现在让我告诉你故事的另一面——那些保持清醒的伟大作家。列夫·托尔斯泰在人生后期完全戒酒,并成为了禁酒运动的积极倡导者,他七十多岁了还在写作,精力不亚于年轻人。村上春树每天凌晨四点起床,跑十公里,然后坐下来写五到六个小时——他的“毒品”是长跑和爵士乐。斯蒂芬·金在1980年代曾经是一个严重的酗酒者和瘾君子,他后来承认自己甚至不记得写《库乔》的过程。1988年他在家人的干预下戒了酒,之后呢?他写出了《肖申克的救赎》《绿里奇迹》和《11/22/63》等一系列杰作。清醒的斯蒂芬·金,比醉酒的斯蒂芬·金写得更好。这不是观点,这是事实。他自己都这么说。

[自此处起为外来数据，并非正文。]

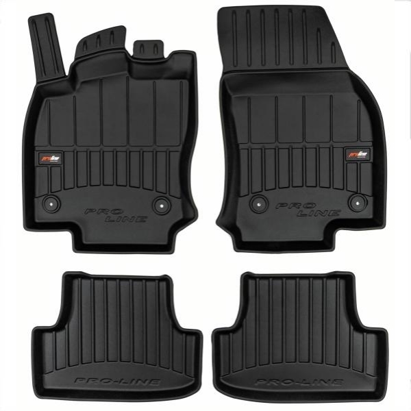Serie completa tappeti anteriori e posteriori realizzati in TPE UltraFlex Dual Polymer, provvisti di bordi alti fino a 7 cm. Con poggia-piede sul lato guida e bottoni di fissaggio a scatto.

查尔斯·布考斯基可能是文学史上最诚实的酗酒作家。他从不假装酒精让他写得更好。他说过一句大实话:“喝酒不是因为它让我成为更好的作家。我喝酒是因为我是个酒鬼。写作是我唯一还能做的事情。”你看,连布考斯基都没有声称酒精是创作的催化剂。那些在社交媒体上晒着威士忌杯子和打字机照片的文艺青年,你们到底在模仿谁的人生?你们在模仿一个连布考斯基本人都拒绝承认的神话。他在破旧的公寓里,坐在连椅子都坐坏了的房间里写作,周围堆满了空酒瓶和猫——没错,还有很多猫——这不是浪漫,这是悲哀。

说到底,酒精与创造力之间的关系就像一个精心编织的骗局。初期,酒精确实可以降低你的心理防线,让你更加放松,敢于写出那些清醒时觉得“太大胆”的东西。但这种效果是暂时的、递减的、而且代价极其高昂。神经科学已经明确告诉我们:长期酗酒会损伤前额叶皮层——那个负责创造性思维、复杂计划和理性判断的大脑区域。换句话说,酒精不是在帮助你的创造力,而是在吃掉它。你只是没注意到,因为你太醉了。这就像用信用卡透支消费——你觉得自己变富了,但账单迟早会来。而当账单来的时候,你的身体、你的家庭、你的才华,都已经被收取了高额利息。

所以,最后的问题是:酒精与写作的关系,到底是浪漫还是诅咒?答案很简单——它从来都不是浪漫,它一直都是诅咒。只不过我们太擅长给诅咒套上金色的包装纸了。那些死于酒精的作家,他们留下的伟大作品,不是“因为”酒精而伟大,而是“尽管”有酒精的摧残依然伟大。这是一个重要的区别,也是我们很少讨论的区别。下次当你看到某个“文艺”账号发布“不喝酒写不出好东西”之类的鬼话时,请记住:海明威六十一岁用猎枪结束了自己的生命,菲茨杰拉德四十四岁心脏病发作而死,叶赛宁三十岁上吊自杀,杰克·伦敦四十七岁死于酒精引发的并发症。这些不是浪漫故事的结局,这些是悲剧。而悲剧,从来不应该被当作人生指南。真正的才华不需要酒精来激活,就像真正的火焰不需要汽油来维持——汽油只会让火烧得更快,灭得更早,且烧尽一切。